Right! I think the first time I heard this was in All Her Children (where's Sylph to pop in and mentione how obsessed I am with paraphrasing from that book?) And I *think* it's when the author asks about the character of Ann Tyler's past--some rich husband in Europe or something and why it's never mentioned. Agnes basically says that while they don't try to contradict it, or act like it didn't happen they also don't like to bring it up. After a while a character gets so much baggage. I mean, often using some examples of history enrich the story--but you can't have, when someone comes back from the dead, 12 other characters rolling their eyes and saying "that reminds me EXACTLY about what happened to me 22 years ago"!

Soaps live in a weird world that way. They're richness is largely due to how characters grow (or don't) and the history a viewer brings to them, which if written well can add extra resonance to the show. But you also have to, to some extent, not aknowledge and use every single piece of history otherwise the characters really simply can't move on (unless they're in the loony bin). And I mean Vicki can't constantly bring up her time travel adventure...

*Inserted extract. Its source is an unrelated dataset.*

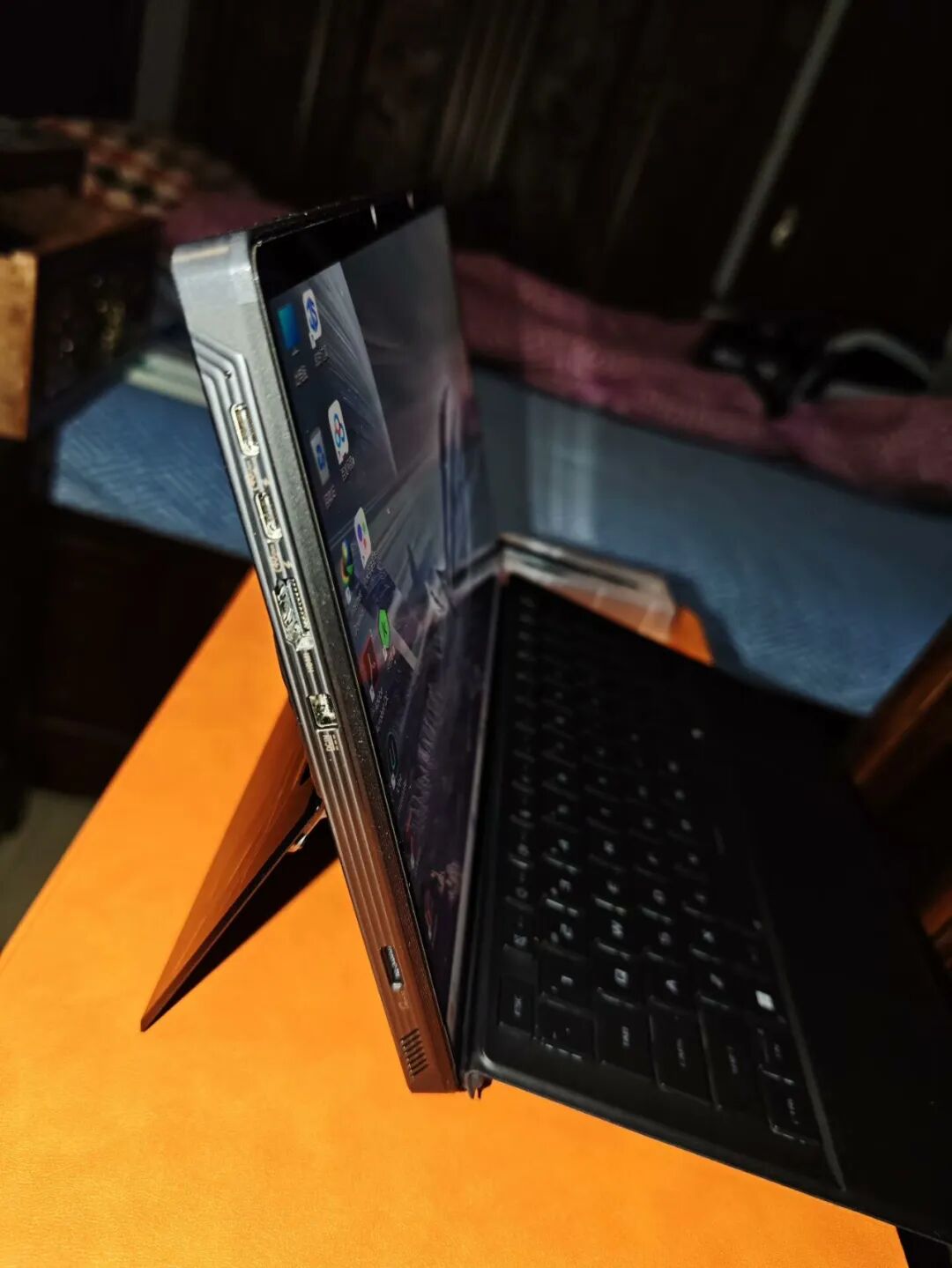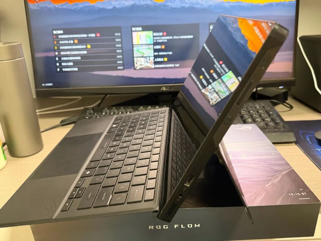 毕竟是ROG高端品牌产品,其设计和用料及做工方面不言而喻,整个机器采用CNC一体成型金属机身,重量约1.2kg,厚度1.3cm,支持170°无极悬停,可自由切换笔记本、平板或直立模式。有必要提一下的ROG的灯效的展示,全新的RGB透明视窗,也能带来更加炫酷的视觉效果。相比常规的二合一笔记本天生就更高级,所谓碾压感与生俱来。

I remember some soap critic saying how soap operas more than other tv shows walk this weird tight rope of being more realistic, because they're a daily part of life, and wanting to be, while the audience at the same time completely accepts (mostly) that a number of things are extremely not realistic. If that makes sense. A tighter, well written cable drama can get away with a lot less if it's presented as largely realistic, for example. But it also has to be done carefully. An audience will accept a back from the dead storyline every few years--maybe even every year at this point. But now shows want to have more and more big moments and we seem to get back from the dead characters every other week--it breaks that tenuous suspension of disbelief an audience gives soaps.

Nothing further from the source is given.